(Dataset excerpts)
- Opening Delimiter -

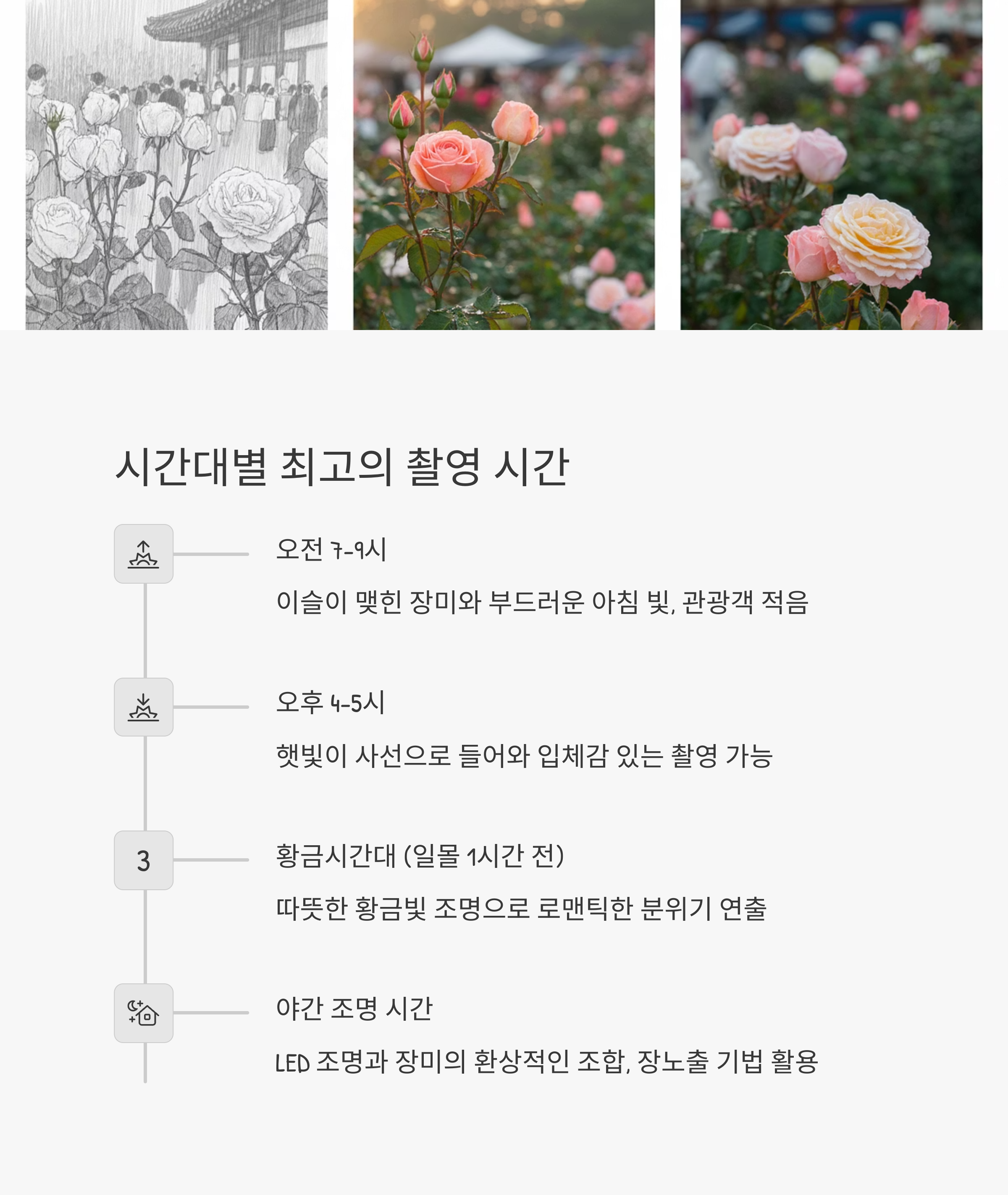 장미축제에서의 촬영은 단순히 “빛 좋은 날”보다, “빛 좋은 시간”이 훨씬 중요해요. 해가 중천에 뜨는 낮 12~3시는 그림자와 노출이 강해 얼굴이 흐리게 나오거나, 잔디와 꽃 색감이 날아가 버리기 쉬워요. 따라서 황금 시간대(Golden Hour)로 불리는 오전 8~10시, 오후 4~6시를 노려보세요.
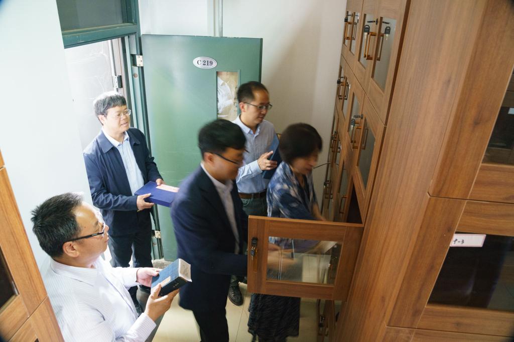 在“讲述我和古籍的故事”环节来自beat365官方网站的5位晒书人李昊、张雅棉、张瑜婧、艾佳、魏捷新依次登台晒出了他们的研读成果,讲述了《孟子》《水经注》《寄园寄所寄》《杜工部集》《读书后》5部院藏经典古籍的整理研究心得,现场文思飞扬、精彩纷呈,他们通过讲述,让古籍说话,让历史说话,让文化说话,真正做到了研学互动和传承文脉。讲述结束后,晒书人与院领导一起来到古籍书库,举行了古籍新书柜正式启用仪式,将5部经典放入古籍书柜中正式入藏。
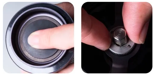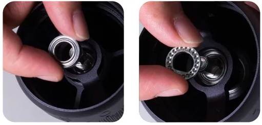 ![]() | Plaats het bovenste lager vanaf de bovenkant terug. Druk de braam van onderaf aan, Plaats de bovenste lagerkap terug. De kant met De concave stippen wijzen naar boven, en de U-vormige Het gat past precies op de as. |
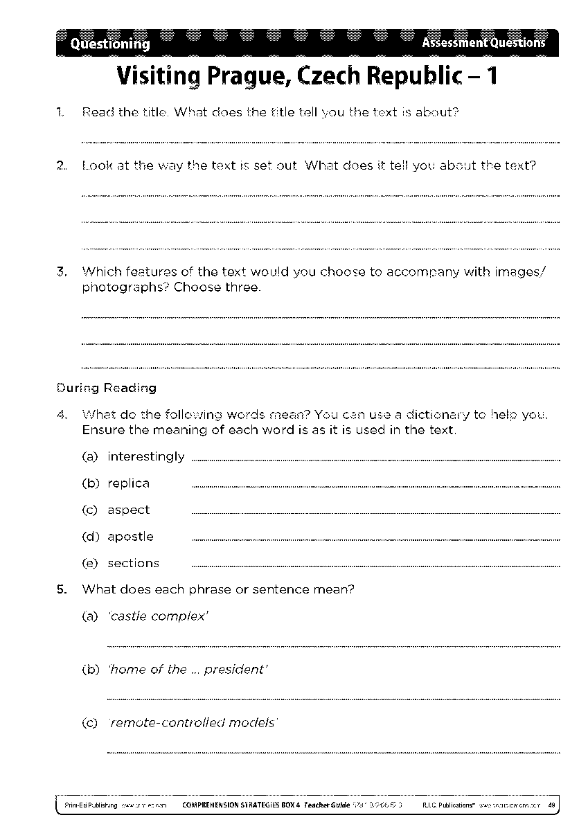 The teacher can use the assessment text in the teacher guide and the corresponding assessment questions to assess how well each child has understood and can use the questioning comprehension strategy.
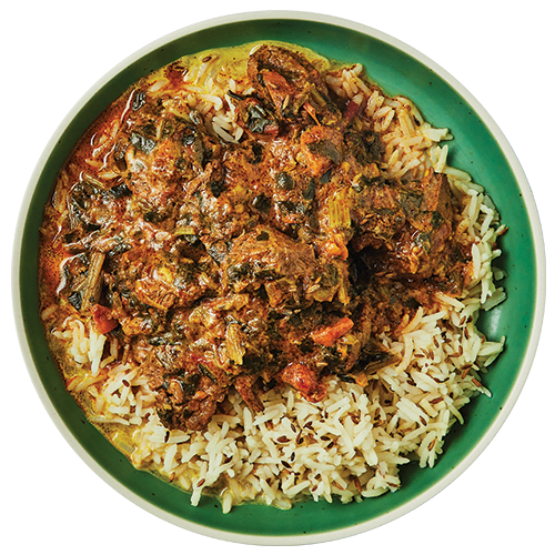 Tender braised lamb pieces, aromatic flavours cooked in a spinach sauce & served with cumin rice.
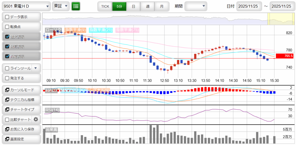 連日、株価操作がされているような変な値動きをしている「9501 : 東京電力HD」
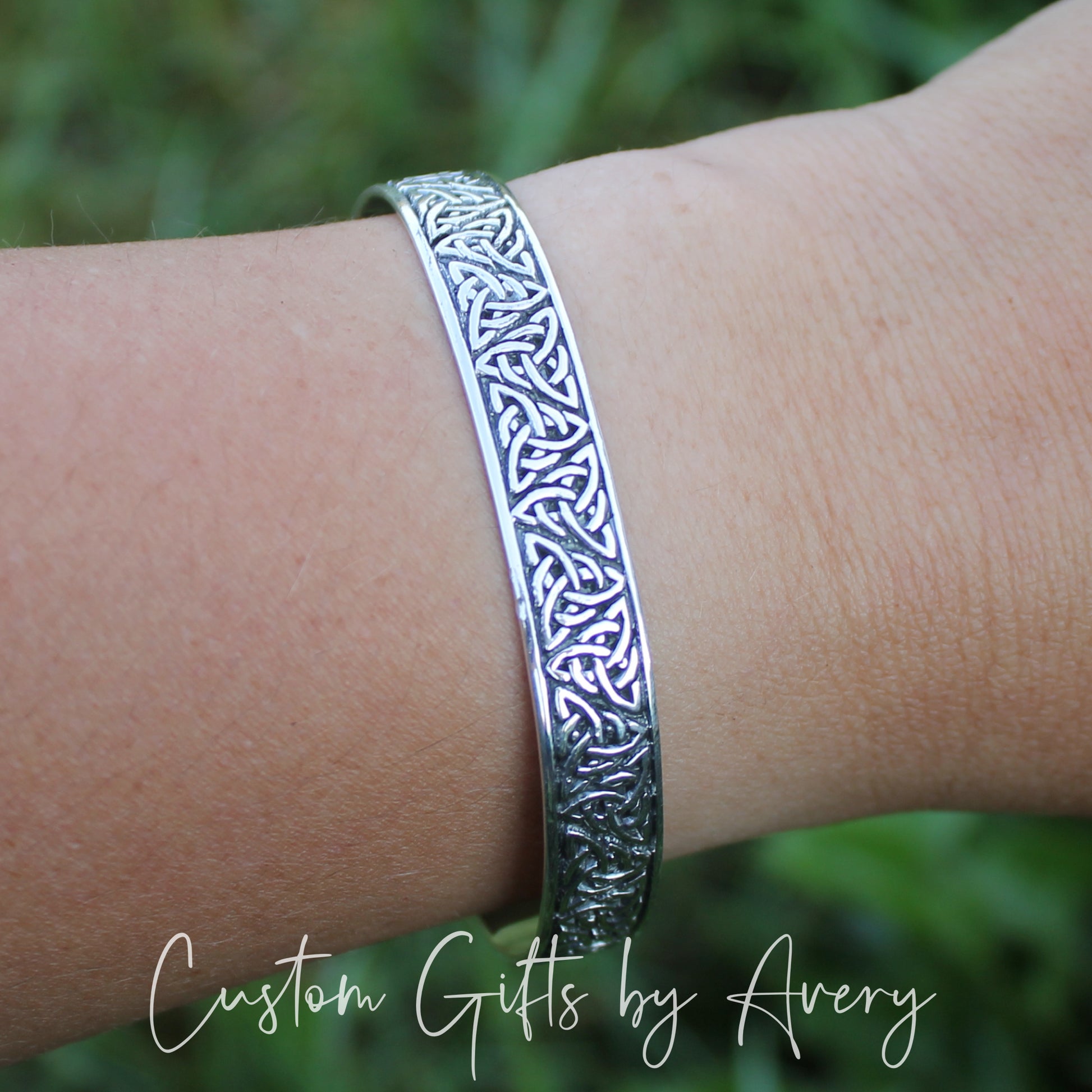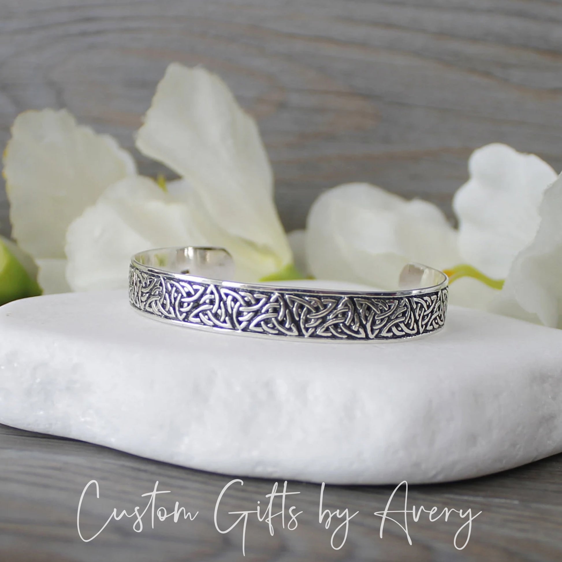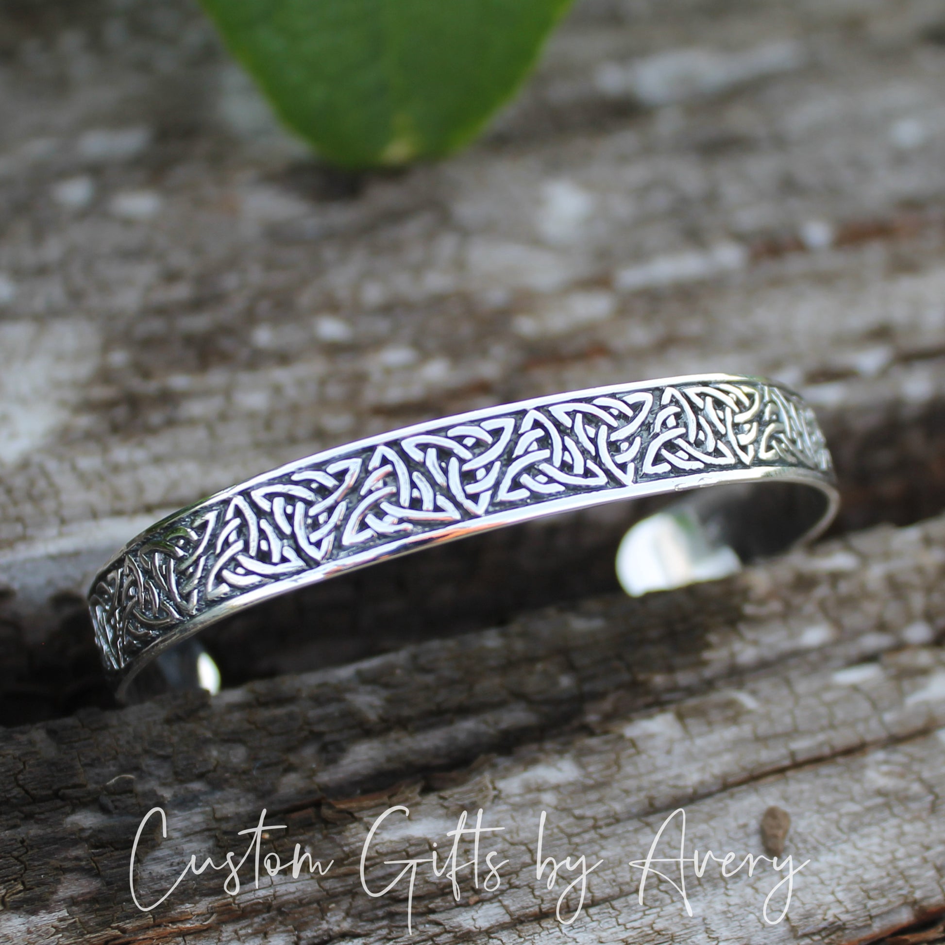 This cuff bracelet is crafted in solid .925 sterling silver. Celtic knots are have no start or finish. They are said to represent eternity, be it in loyalty, faith, friendship or love. Only one thread is used in each design which symbolizes how life and eternity are interconnected.

- Closing Delimiter -

» **WHAT THE EXERCISE ASKS**
Return every entry above word for word, leaving pictures out.

» **WRITTEN RESPONSE**
 장미축제에서의 촬영은 단순히 “빛 좋은 날”보다, “빛 좋은 시간”이 훨씬 중요해요. 해가 중천에 뜨는 낮 12~3시는 그림자와 노출이 강해 얼굴이 흐리게 나오거나, 잔디와 꽃 색감이 날아가 버리기 쉬워요. 따라서 황금 시간대(Golden Hour)로 불리는 오전 8~10시, 오후 4~6시를 노려보세요.
 在“讲述我和古籍的故事”环节来自beat365官方网站的5位晒书人李昊、张雅棉、张瑜婧、艾佳、魏捷新依次登台晒出了他们的研读成果,讲述了《孟子》《水经注》《寄园寄所寄》《杜工部集》《读书后》5部院藏经典古籍的整理研究心得,现场文思飞扬、精彩纷呈,他们通过讲述,让古籍说话,让历史说话,让文化说话,真正做到了研学互动和传承文脉。讲述结束后,晒书人与院领导一起来到古籍书库,举行了古籍新书柜正式启用仪式,将5部经典放入古籍书柜中正式入藏。
 ![]() | Plaats het bovenste lager vanaf de bovenkant terug. Druk de braam van onderaf aan, Plaats de bovenste lagerkap terug. De kant met De concave stippen wijzen naar boven, en de U-vormige Het gat past precies op de as. |
 The teacher can use the assessment text in the teacher guide and the corresponding assessment questions to assess how well each child has understood and can use the questioning comprehension strategy.
 Tender braised lamb pieces, aromatic flavours cooked in a spinach sauce & served with cumin rice.
 連日、株価操作がされているような変な値動きをしている「9501 : 東京電力HD」
 This cuff bracelet is crafted in solid .925 sterling silver. Celtic knots are have no start or finish. They are said to represent eternity, be it in loyalty, faith, friendship or love. Only one thread is used in each design which symbolizes how life and eternity are interconnected.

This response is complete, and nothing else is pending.